WHAT THE EXERCISE ASKS
Copied exactly and without pictures, the lines from the beginning of the entries through the one that holds "0036 泵类证书 NO.705201402401-00" should form the entire reply.

(Records from a data collection)
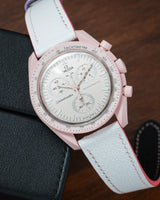 We've developed a total of 11 designs, curated to compliment each of the first 11 MoonSwatches, allowing the pairing to be seamless. These straps use the same leather and style from straps you love from Delugs, but with characteristics of two-tone accents in the stitching, edge paint and keepers.
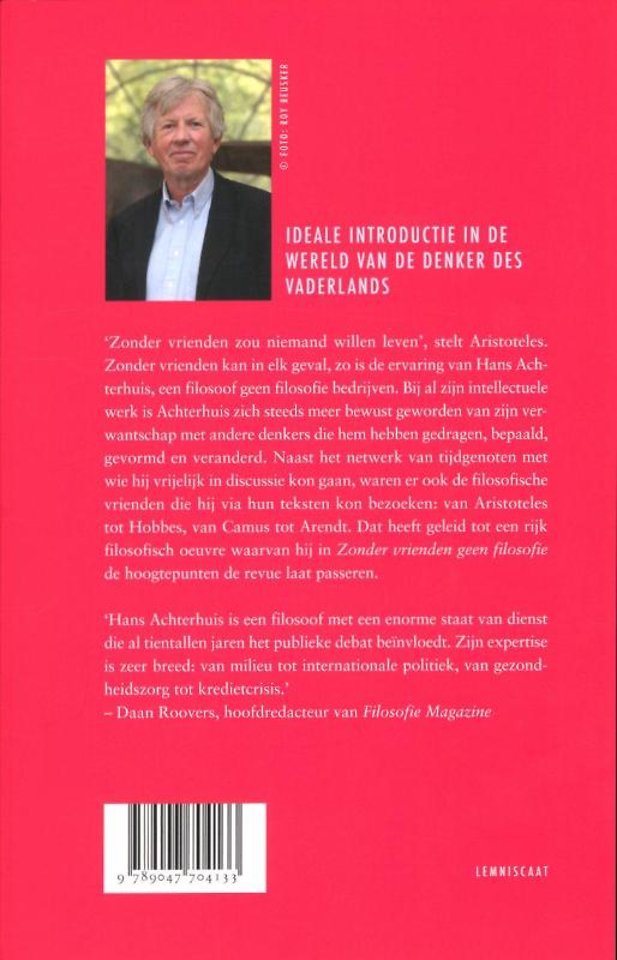 Achterhuis is zijn leven lang in staat geweest om vruchtbare discussies aan te gaan met anderen en ook, waar nodig, tegen zichzelf in te denken. Dat heeft geleid tot een rijk filosofisch oeuvre waarvan hij in 'Zonder vrienden geen filosofie' de hoogtepunten de revue laat passeren. Vanuit zijn eigen persoonlijke perspectief bespreekt hij boeken als De markt van welzijn en geluk, Het rijk van de schaarste, Met alle geweld en De utopie van de vrije markt. Daarmee is dit handzame essay een ideale introductie in de wereld van de Denker des Vaderlands.
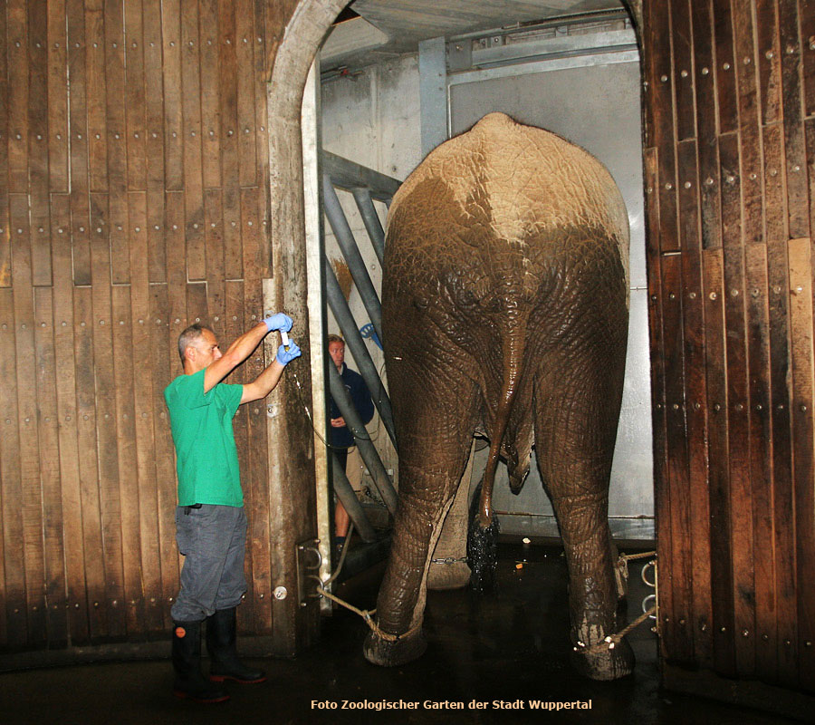 Behandlung des Afrikanischen Elefantenbullen "Tusker" im Zoologischen Garten Wuppertal im September 2012.
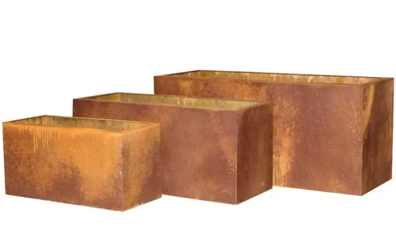 Aflange plantekummer i corten stål som kommer med rust på – 3 str
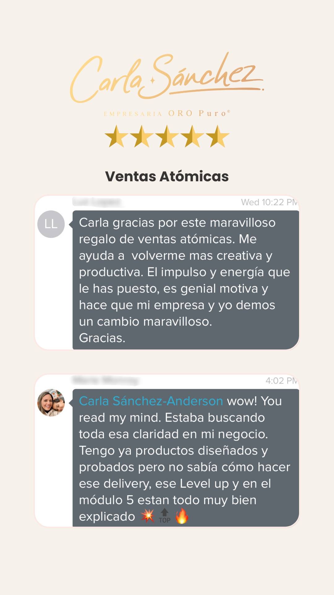 Te vas a rodear de una red muy poderosa de otras coaches, mentoras, terapeutas, consultoras y expertas que ya están creciendo, listas para dejar atrás la improvisación y expandir su negocio online al más alto nivel.
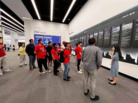 第二天上午,留学生们参访了华为技术有限公司位于坂田的总部。华为公司以其强大的研发投入和“数字化、智能化、低碳化”的发展方向著称。在智慧园区IOC和数字化转型展厅,留学生们参观了智能化园区、全无线智能物联工厂、低碳园区等前沿展示。华为技术专家的详细讲解加深了留学生们对华为的了解,展示了其作为全球领先的信息与通信技术解决方案供应商的实力。
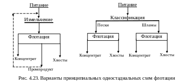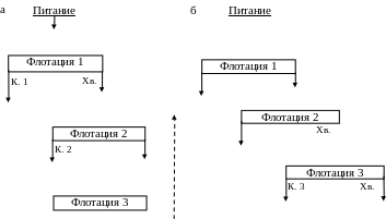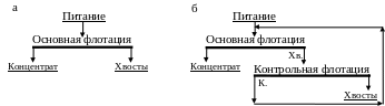 Если в цикле обогащения необходимо получить два конечных продукта – кондиционный концентрат и отвальные хосты, то применяются более сложные схемы флотации.
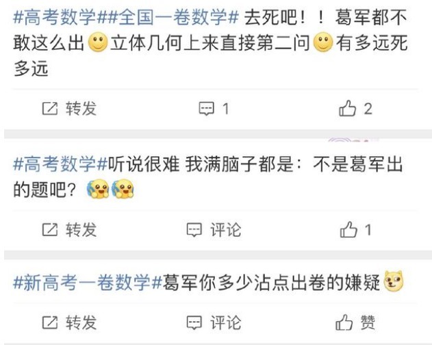 考生们都怀疑是不是葛军老师今年又参与高考命题了,还有学生说“韦神我让你附体没让你附卷子”。
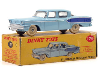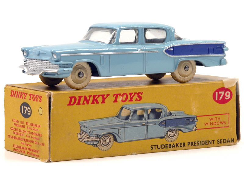 DINKY TOYS (GB) 179 STUDEBAKER PRESIDENT Sedan 2 tons de bleu, jantes beigess
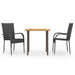 3-tlg. Garten-Essgruppe Poly Rattan Schwarz
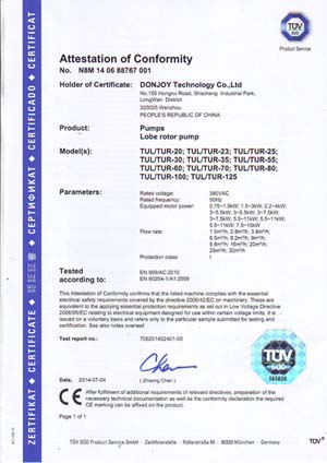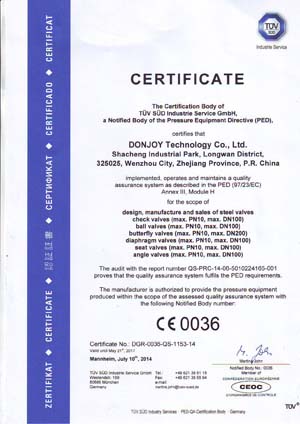 东正由德国TÜV机构实施的欧盟承压设备指令(PED-97/23/EC)和(MD-06/42/EC)认证 质量保证模式H&材料(管件)制造认证,机械安全指令MD-06/42/EC。 阀门类证书 NO.CE 0036 泵类证书 NO.705201402401-00
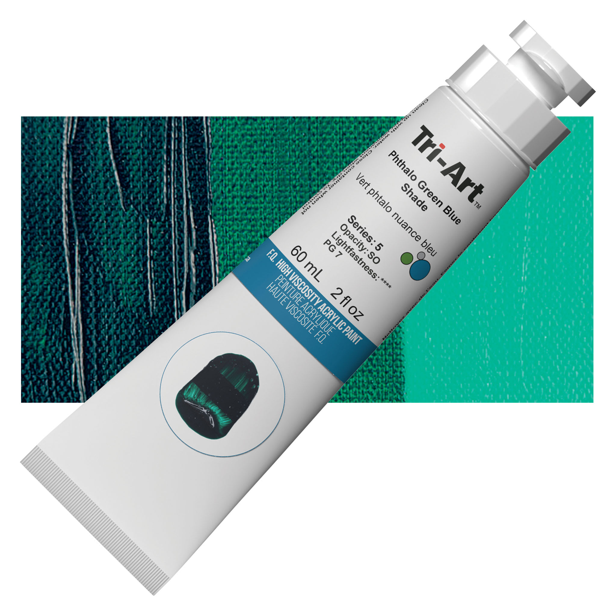 Phthalo Green is a transparent, cool, bright, high intensity color used in oil and acrylics. It comes from a Phthalocyanine Blue pigment where most of the hydrogen atoms have been replaced with chlorine, forming highly stable molecules. It has similar pigment properties and permanence to Phthalo Blue. It is slow drying and an excellent base color for mixing a range of bright greens. Phthalo Green is considered a very good alternative to Viridian because it is intense and mixes well and can be used to emphasize mineral colors in various tints. However, its tinting strength is very high, so it can overpower other colors. This pigment most closely resembles the discontinued and toxic Verdigris.

THE COMPLETED TASK
 We've developed a total of 11 designs, curated to compliment each of the first 11 MoonSwatches, allowing the pairing to be seamless. These straps use the same leather and style from straps you love from Delugs, but with characteristics of two-tone accents in the stitching, edge paint and keepers.
 Achterhuis is zijn leven lang in staat geweest om vruchtbare discussies aan te gaan met anderen en ook, waar nodig, tegen zichzelf in te denken. Dat heeft geleid tot een rijk filosofisch oeuvre waarvan hij in 'Zonder vrienden geen filosofie' de hoogtepunten de revue laat passeren. Vanuit zijn eigen persoonlijke perspectief bespreekt hij boeken als De markt van welzijn en geluk, Het rijk van de schaarste, Met alle geweld en De utopie van de vrije markt. Daarmee is dit handzame essay een ideale introductie in de wereld van de Denker des Vaderlands.
 Behandlung des Afrikanischen Elefantenbullen "Tusker" im Zoologischen Garten Wuppertal im September 2012.
 Aflange plantekummer i corten stål som kommer med rust på – 3 str
 Te vas a rodear de una red muy poderosa de otras coaches, mentoras, terapeutas, consultoras y expertas que ya están creciendo, listas para dejar atrás la improvisación y expandir su negocio online al más alto nivel.
 第二天上午,留学生们参访了华为技术有限公司位于坂田的总部。华为公司以其强大的研发投入和“数字化、智能化、低碳化”的发展方向著称。在智慧园区IOC和数字化转型展厅,留学生们参观了智能化园区、全无线智能物联工厂、低碳园区等前沿展示。华为技术专家的详细讲解加深了留学生们对华为的了解,展示了其作为全球领先的信息与通信技术解决方案供应商的实力。
 Если в цикле обогащения необходимо получить два конечных продукта – кондиционный концентрат и отвальные хосты, то применяются более сложные схемы флотации.
 考生们都怀疑是不是葛军老师今年又参与高考命题了,还有学生说“韦神我让你附体没让你附卷子”。
 DINKY TOYS (GB) 179 STUDEBAKER PRESIDENT Sedan 2 tons de bleu, jantes beigess
 3-tlg. Garten-Essgruppe Poly Rattan Schwarz
 东正由德国TÜV机构实施的欧盟承压设备指令(PED-97/23/EC)和(MD-06/42/EC)认证 质量保证模式H&材料(管件)制造认证,机械安全指令MD-06/42/EC。 阀门类证书 NO.CE 0036 泵类证书 NO.705201402401-00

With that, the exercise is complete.